======== Data supplied
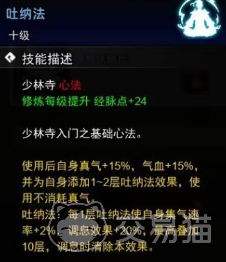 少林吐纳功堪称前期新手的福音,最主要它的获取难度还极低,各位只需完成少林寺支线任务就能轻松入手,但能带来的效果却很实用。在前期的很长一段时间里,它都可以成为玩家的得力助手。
================
======== Data supplied
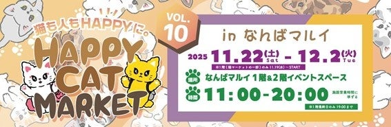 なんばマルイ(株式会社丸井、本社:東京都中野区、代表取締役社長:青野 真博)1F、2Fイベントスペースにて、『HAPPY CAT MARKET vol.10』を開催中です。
================
======== Data supplied
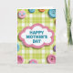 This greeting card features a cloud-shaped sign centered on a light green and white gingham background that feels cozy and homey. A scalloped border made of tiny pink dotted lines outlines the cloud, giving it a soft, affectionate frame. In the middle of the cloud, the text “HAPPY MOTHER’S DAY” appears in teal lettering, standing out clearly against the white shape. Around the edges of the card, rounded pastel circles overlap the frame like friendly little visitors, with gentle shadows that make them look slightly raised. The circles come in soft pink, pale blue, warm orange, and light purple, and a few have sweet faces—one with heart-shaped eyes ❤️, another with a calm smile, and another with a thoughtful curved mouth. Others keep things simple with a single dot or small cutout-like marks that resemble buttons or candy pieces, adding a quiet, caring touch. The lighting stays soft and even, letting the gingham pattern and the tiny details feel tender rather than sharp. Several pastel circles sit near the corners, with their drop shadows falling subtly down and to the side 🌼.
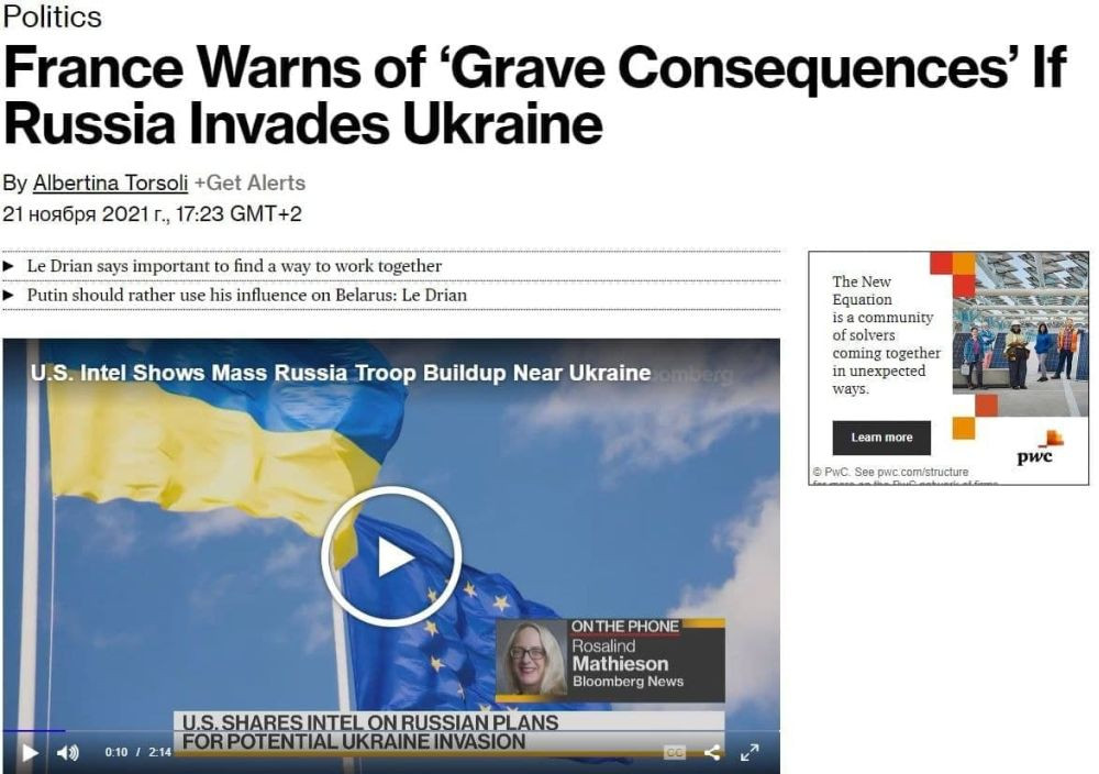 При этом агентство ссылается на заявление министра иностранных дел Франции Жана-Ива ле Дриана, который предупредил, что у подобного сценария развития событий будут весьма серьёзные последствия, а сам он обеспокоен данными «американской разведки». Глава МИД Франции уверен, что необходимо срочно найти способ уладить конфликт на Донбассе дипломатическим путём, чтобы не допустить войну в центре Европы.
================
■ **Task item**:
Please output, exactly as written, the lines above from the one holding "This greeting card" through the one holding "При этом агентство", both included, with the pictures omitted.

■ **Exercise answer**:
 This greeting card features a cloud-shaped sign centered on a light green and white gingham background that feels cozy and homey. A scalloped border made of tiny pink dotted lines outlines the cloud, giving it a soft, affectionate frame. In the middle of the cloud, the text “HAPPY MOTHER’S DAY” appears in teal lettering, standing out clearly against the white shape. Around the edges of the card, rounded pastel circles overlap the frame like friendly little visitors, with gentle shadows that make them look slightly raised. The circles come in soft pink, pale blue, warm orange, and light purple, and a few have sweet faces—one with heart-shaped eyes ❤️, another with a calm smile, and another with a thoughtful curved mouth. Others keep things simple with a single dot or small cutout-like marks that resemble buttons or candy pieces, adding a quiet, caring touch. The lighting stays soft and even, letting the gingham pattern and the tiny details feel tender rather than sharp. Several pastel circles sit near the corners, with their drop shadows falling subtly down and to the side 🌼.
 При этом агентство ссылается на заявление министра иностранных дел Франции Жана-Ива ле Дриана, который предупредил, что у подобного сценария развития событий будут весьма серьёзные последствия, а сам он обеспокоен данными «американской разведки». Глава МИД Франции уверен, что необходимо срочно найти способ уладить конфликт на Донбассе дипломатическим путём, чтобы не допустить войну в центре Европы.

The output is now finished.